START Task input
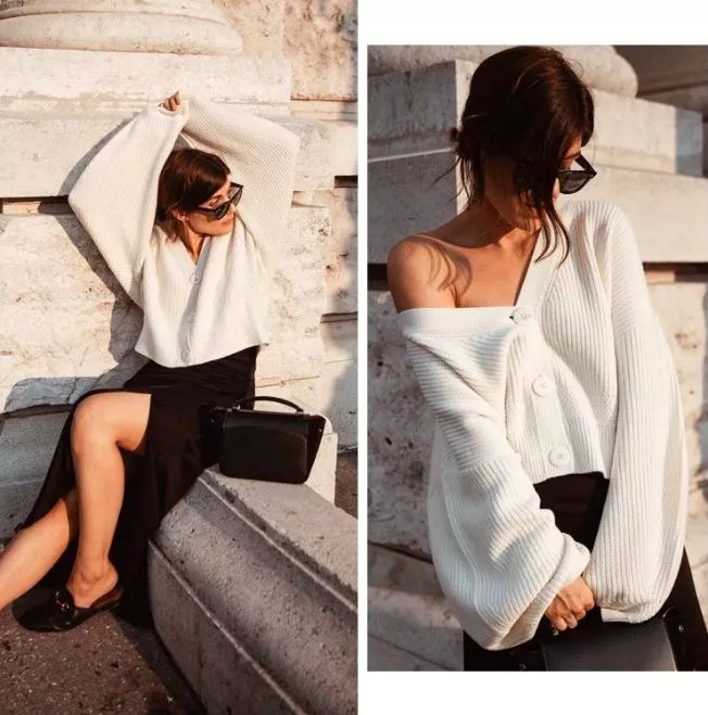 選擇v領的能夠修飾臉型和脖子線條,讓這種初秋的慵懶感覺更加濃鬱!
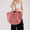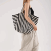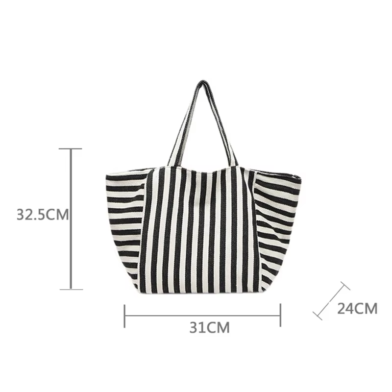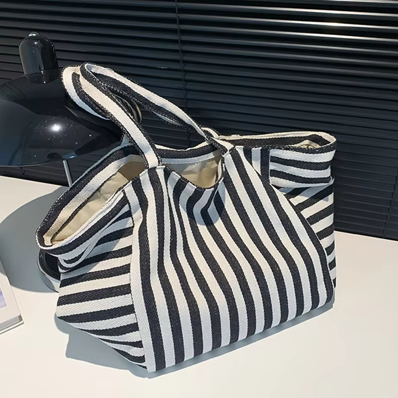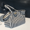 Women’s fashionable commuting bag for daily shopping and travel, large capacity, striped canvas handbag with simple design
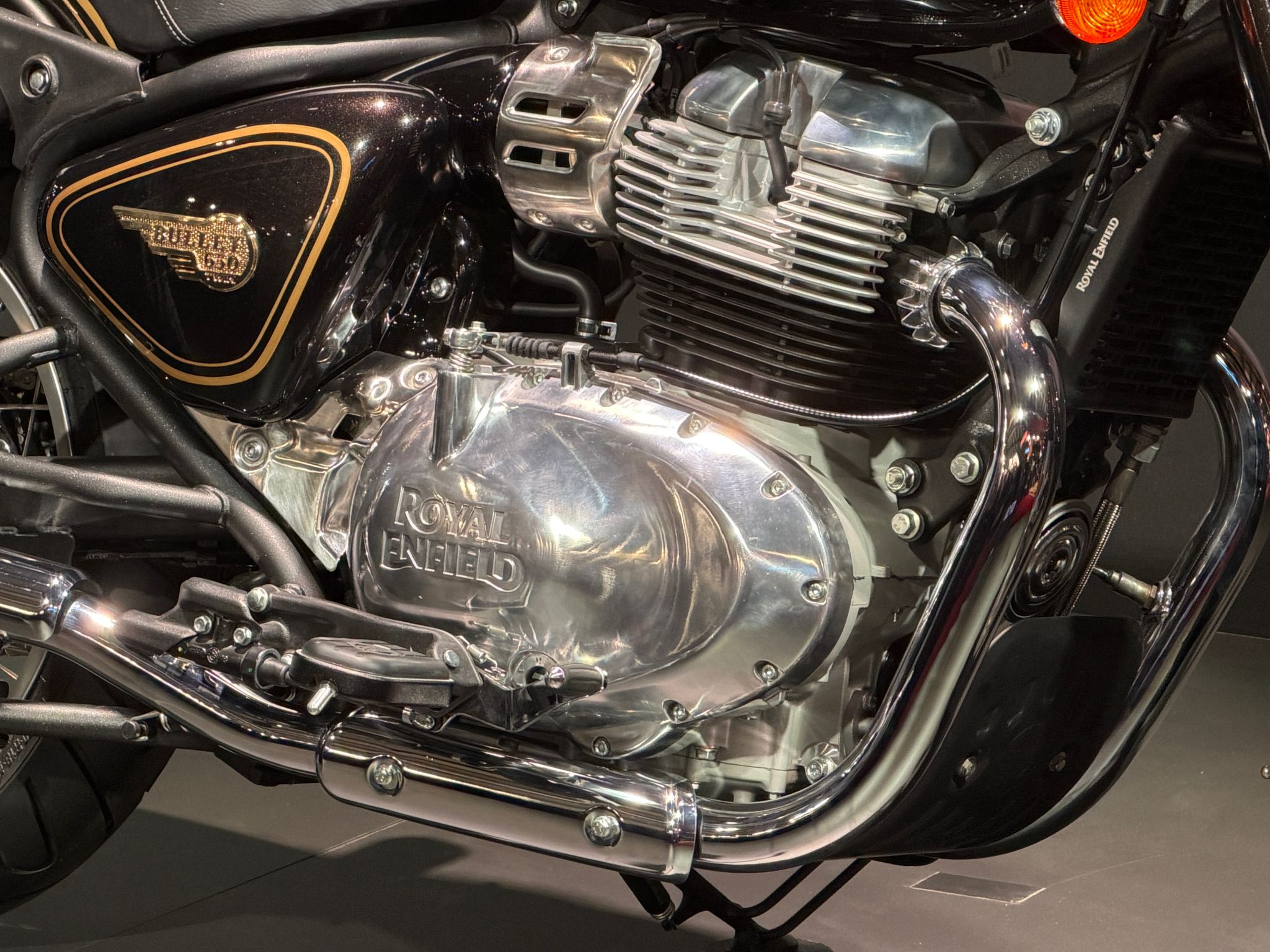 Zijn tweecilindermotor levert moeiteloze kracht en vloeiende acceleratie – ideaal voor zowel rustige tochten als energieke ritten. De zesversnellingsbak en lichte slipkoppeling versterken het comfort. Elk element, van silhouet tot geluid, ademt de ziel van de klassieke Bullet en maakt deze machine tot een meesterwerk van tijdloze eenvoud.
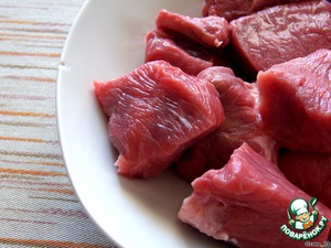 Мясо порежем на крупные кусочки. Помоем и высушим бумажной салфеткой каждый кусочек. |
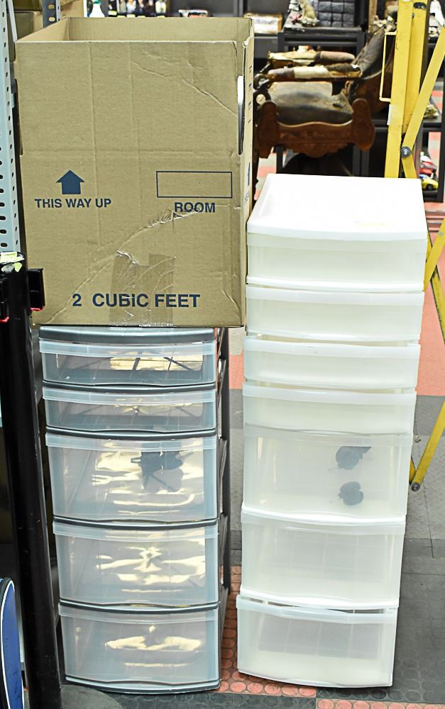 PLASTIC STORAGE CART & DRAWER BINS- ASSORTED
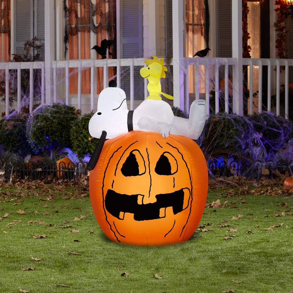 Greet your guests with this adorable Airblown inflatable decoration. Snoopy and Woodstock sit on top of a pumpkin for this fun Halloween scene. It comes with everything needed for easy outdoor setup. Just plug it in, stake it down and watch the magic unfold.
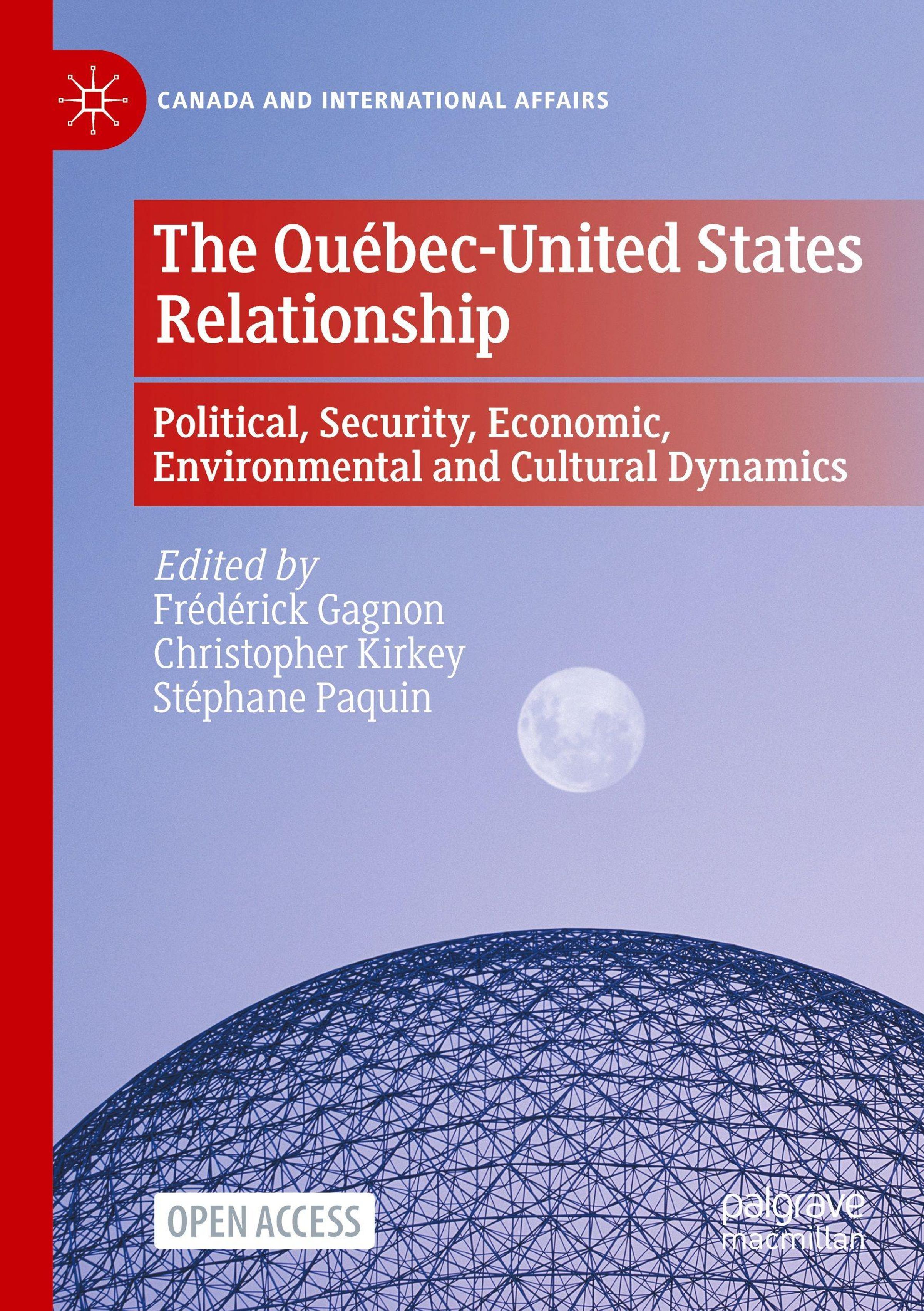 "The Québec-United States Relationship", rote Leiste oben, Netzstruktur im Vordergrund, Mond am Himmel, blauer Hintergrund., Buch
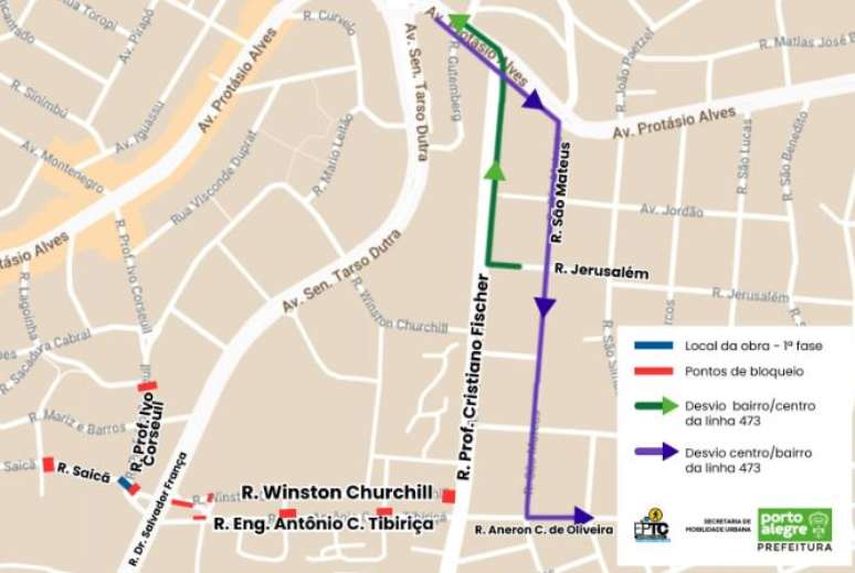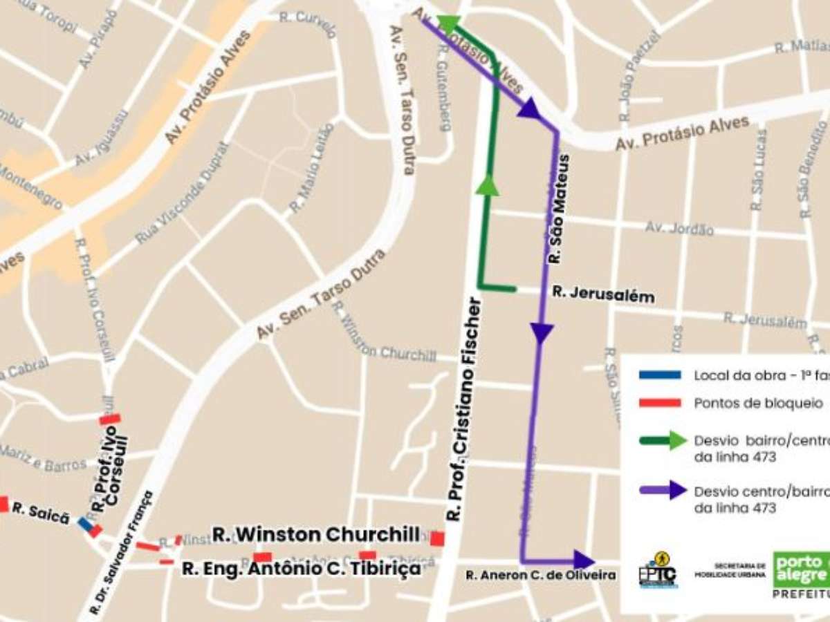 Em razão dos bloqueios, a linha 473 terá alteração de itinerário. No sentido bairro-Centro, o desvio será pela Jerusalém, Cristiano Fischer e Protásio Alves. Já no sentido Centro-bairro será pela Protasio Alves, São Mateus e Aneron Corrêa de Oliveira.
END Task input
Copy out exactly, with no pictures, the lines of the data from the first one through the line bearing "PLASTIC STORAGE CART & DRAWER BINS- ASSORTED".

• **Exercise answer**
 選擇v領的能夠修飾臉型和脖子線條,讓這種初秋的慵懶感覺更加濃鬱!
 Women’s fashionable commuting bag for daily shopping and travel, large capacity, striped canvas handbag with simple design
 Zijn tweecilindermotor levert moeiteloze kracht en vloeiende acceleratie – ideaal voor zowel rustige tochten als energieke ritten. De zesversnellingsbak en lichte slipkoppeling versterken het comfort. Elk element, van silhouet tot geluid, ademt de ziel van de klassieke Bullet en maakt deze machine tot een meesterwerk van tijdloze eenvoud.
 Мясо порежем на крупные кусочки. Помоем и высушим бумажной салфеткой каждый кусочек. |
 PLASTIC STORAGE CART & DRAWER BINS- ASSORTED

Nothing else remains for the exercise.